İstanbul'un da bölgesinin bir medya merkezi olduğunu ama yeterli alt yapı yatırımı yapılmadığını bir fırsatta Cumhurbaşkanı Erdoğan'a anlattım. Bir medya merkezi kurulması halinde, burada tüm dünya medyasının ilgi göstereceğini, söylediğimde onun da ilgisini çekmişti. Hatta havaalanı yakınında bir arsayı hem Anadolu Ajansı, hem de dünya medyası için bir merkez olması için tahsis edilmesini sağladı. Sonra ben AA'daki görevimden ayrıldım, o medya merkezinin peşine düşen de olmadı.



Dubai'de birçok yerde 'medya center' adıyla ilçe büyüklüğünde yerler kuruldu. Ve dünya medyası da buraya büyük ilgi gösterdi. Bir çok tv kanalı her gün oradan canlı yayın yapar halen.

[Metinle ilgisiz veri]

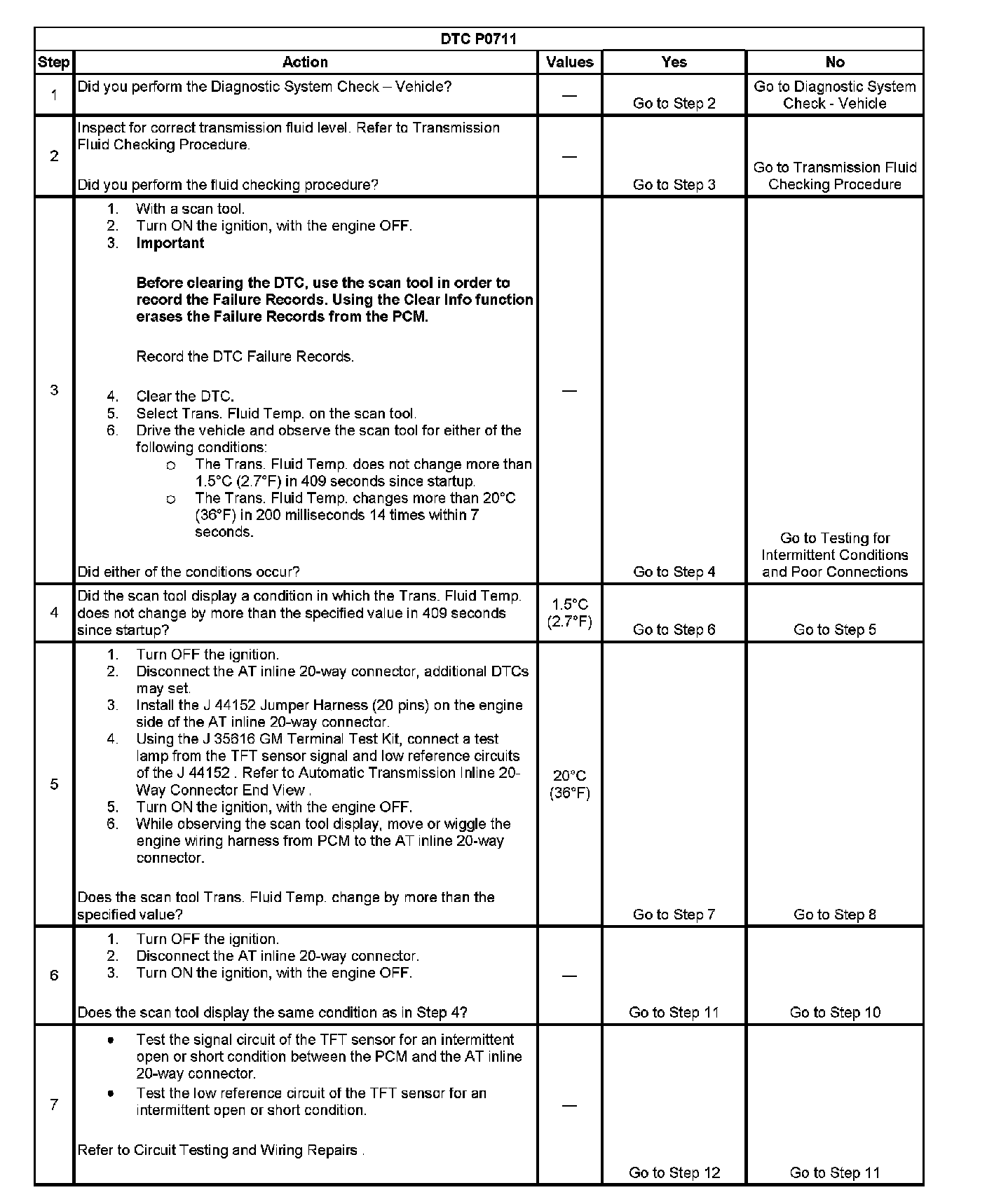 ^ A transmission temperature which remains constant for a period of time in which a measurable amount of change is expected DTC P0711 is a type C DTC.
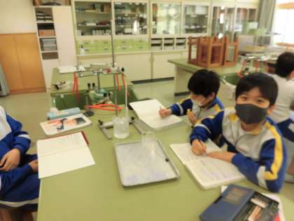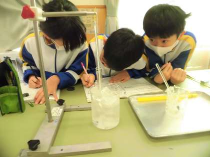 水は、何度になったら凍るのか、凍るまでどれくらい時間がかかるのか、予想を立ててから実験に取り組んでいました。

Acaba Kadir Topbaş başkanımız ya da başka bir gönüllü bu konuyu yeniden Cumhurbaşkanımıza açsa ne olur? Böylece, nasıl ki 3. Havalimanı İstanbul'u havacılığın merkezi yapacaksa, güçlü bir medya merkezi de bölgenin medya merkezi yapar İstanbul'u.Ben de şu fani ömrümde, bir hayalim de gerçek oldu diye mutlu olurum, çok mu?



Yazıyı yazarken Davos iletişim zirvesini düzenleyen Ali Murat Hocayla mesajlaşıyoruz: “Maalesef iletişimin önemi anlaşılmadı. Ne yapalım? Hayırlısı olsun” dedi.



Bir gün anlaşılacak eninim. İletişim çağında başka çaresi yok çünkü.